Question about std::env::args()

While the library documentation sounds a bit mysterious, the purpose of the zeroth argument is to allow the program to be known under many names and change behaviour based on how it was called. This is used e.g. by busybox to pack as much functionality as possible while offering traditional Unix command line usage.

2 Likes

There are two interlocking issues here.

The first is that the Unix kernel (including non-Unix unix-alikes, like Linux) treats the argument vector for a program as a userland concern. The process for launching a program (via the exec family of syscalls) takes both a path to a program, and an argument vector, and the launched program receives the argument vector verbatim in a predictable place. In theory, you can put anything you want there, so long as it's a null-terminated sequence of null-terminated strings.

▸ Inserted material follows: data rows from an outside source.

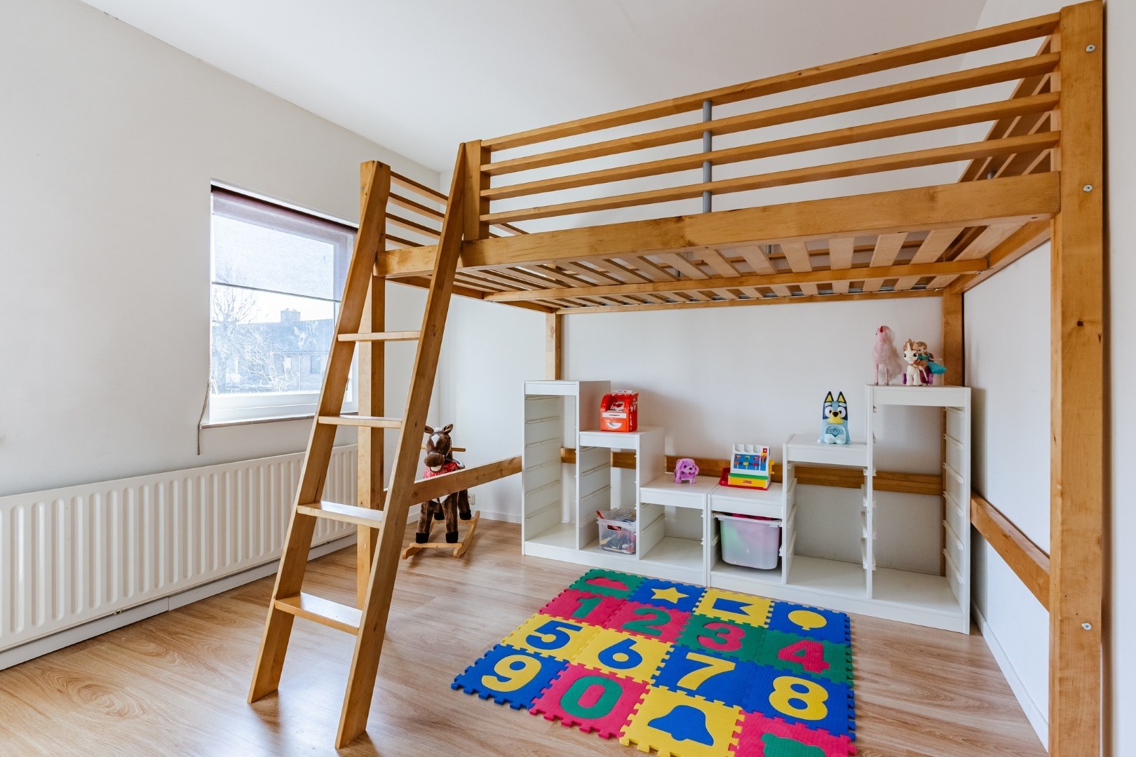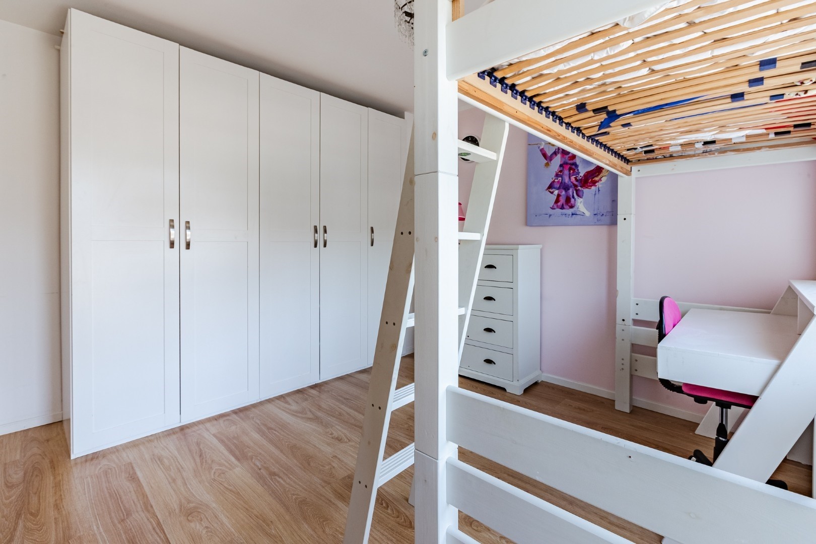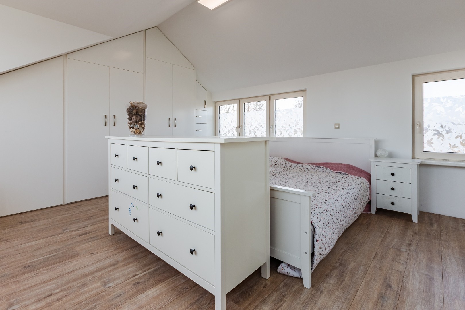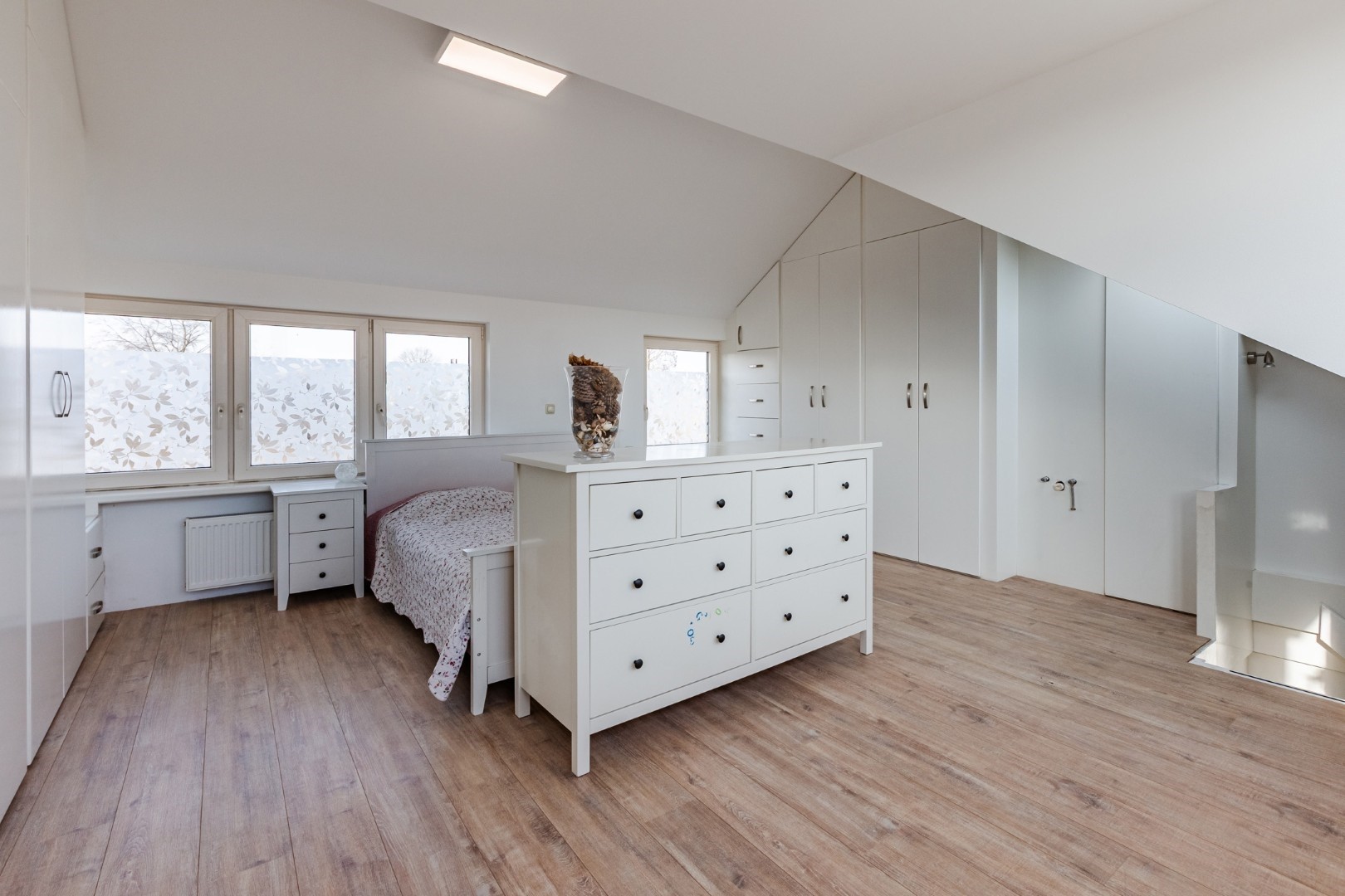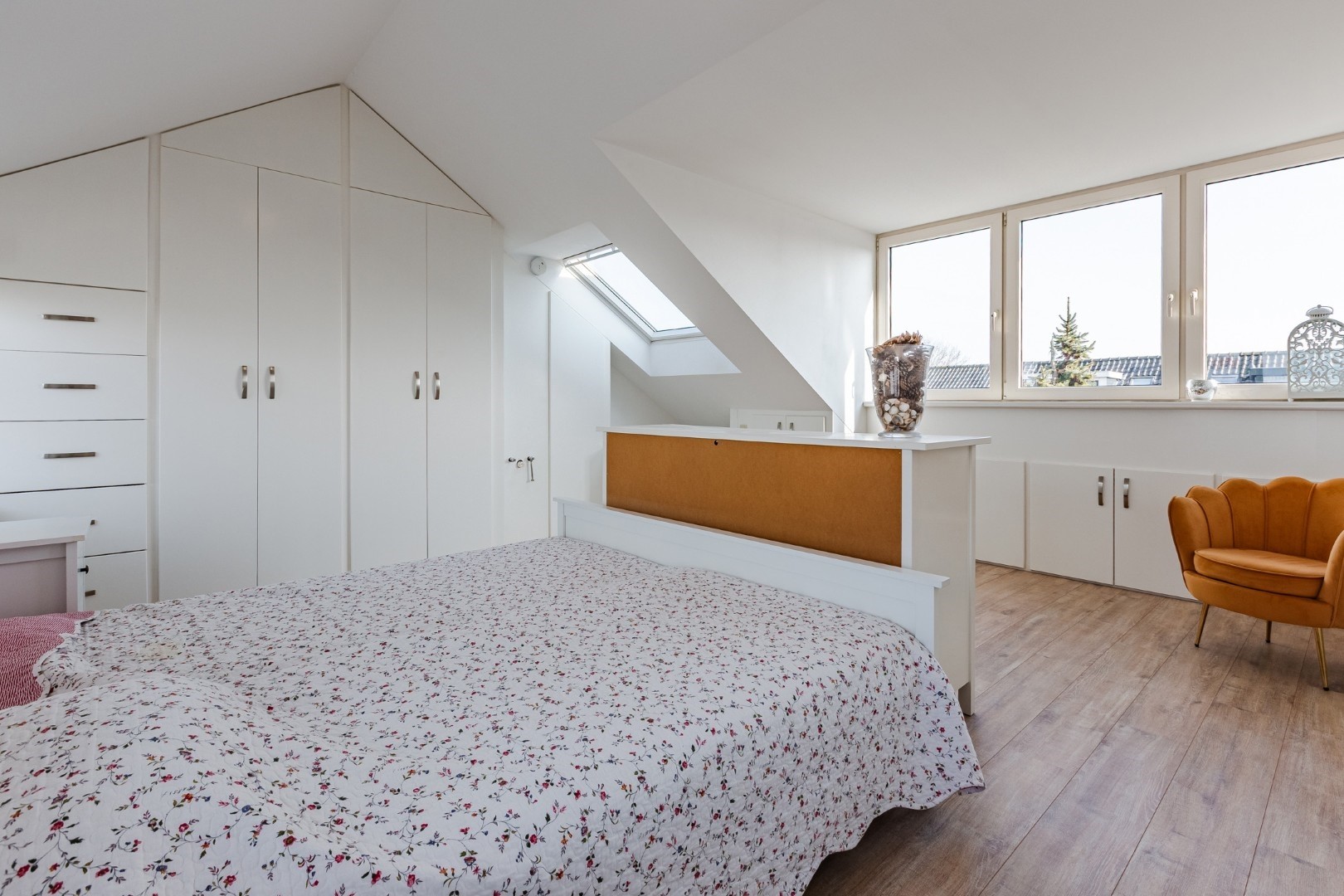De kamer heeft een enorme lichtinval met de 8 te open ramen. Mocht u een extra slaapkamer nodig hebben dan is hier op deze verdieping zeker voldoende ruimte voor, door de verdieping in tweeën te delen.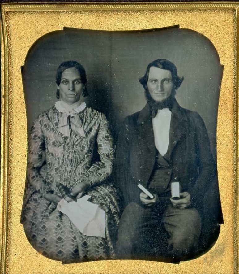 D368. Variant-sized quarter-plate daguerreotype (3 1/2″ x 4″) of a couple housed in a 10 1/2″ x 10″ ogee frame. She is holding a small book. VG. $250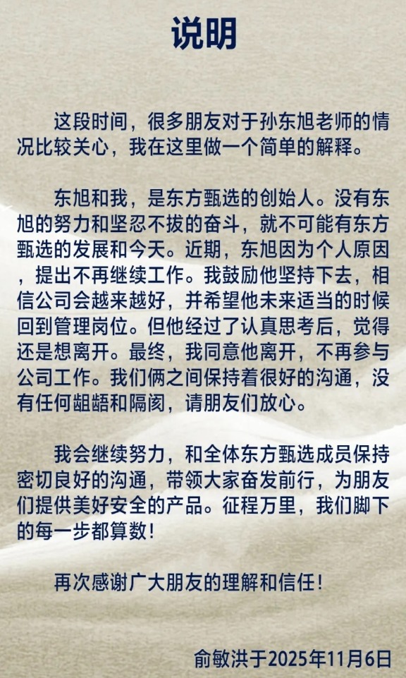 11月6日,新东方创始人、东方甄选行政总裁俞敏洪在其社交平台发布的一则说明称,东方甄选前CEO(首席执行官)孙东旭已正式离职。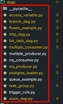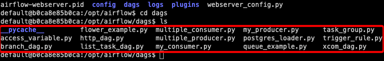 그리고, 아래와 같은 명령어를 통해 airflow 웹서버 도커 컨테이너 안으로 들어가서, /opt/airflow/dags 폴더 안에 아래와 같이 로컬 .(=현재경로)/dags폴더 하위와 똑같은 파일들이 있는 것을 알 수 있다. (세부 항목 안의 파일들은 실리콘벨리 엔지니어와 함께하는 Apache Airflow 강의의 예제 파일들 입니다.)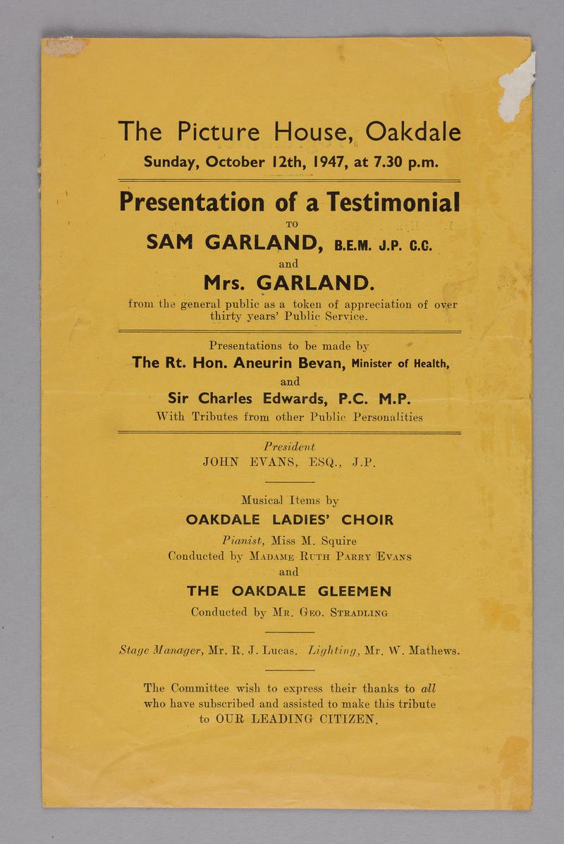 Cast iron plaque formerly affixed to the wall of the New Hall - a cinema attached to Oakdale Workmens' Institute (see item no. F96.1) Text reads ASSISTED FROM THE MINERS' WELFARE FUND. The cinema opened on 2 November 1927 following a grant of £2,500 from the Welfare Fund.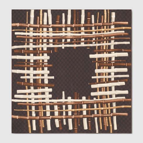 The Cruise 2026 women's silk accessories collection reimagines archival motifs with innovative prints. Presented in a silk twill, this carré reveals an allover GG bamboo print.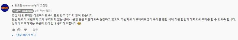 “영상 내 의류매장 아르바이트 유니폼의 경우 두 가지 안이 있습니다. 첫 번째로 타 브랜드가 크게 부각되지 않는 선에서 본인 옷을 착용하도록 권장하고 있으며, 두 번째로 아르바이트생이 구매를 원할 시에 직원 할인가 혜택으로 구매를 할 수 있도록 합니다. 강매라고 오해되는 부분이 있어 안내 공지해드립니다.”
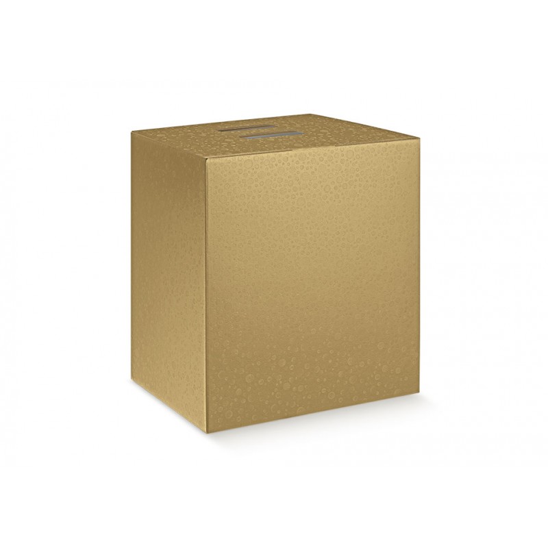 Gift Box - Cubotto 330X250X350 Sfere Oro is a sturdy, golden cardboard box designed to hold panettones (750g-1kg), bottles, and various products. Features upper holes that serve as handles for easy transport. Recommended weight: 2 to 6kg.

The second is that the Unix userland (ditto unix-alikes) makes very strong conventional expectations around the environment programs run in, which is also maintained by the user side of the programming environment. While the kernel may not care, nearly every unix program expects that argv[0] will indicate the name of the program, and nearly every unix program that runs another program will pass the path as argument zero.

Your program will be "correct" in both senses if it starts processing options and arguments from argv[1] on unix-like platforms. Only programs deliberately designed to break those conventions will ever call you with something other than the path of the program at the start of the argument vector, and only programs deliberately designed to expect it will treat argv[0] any other way. Tools like clap build on this, and will not treat the first element as anything other than a program name.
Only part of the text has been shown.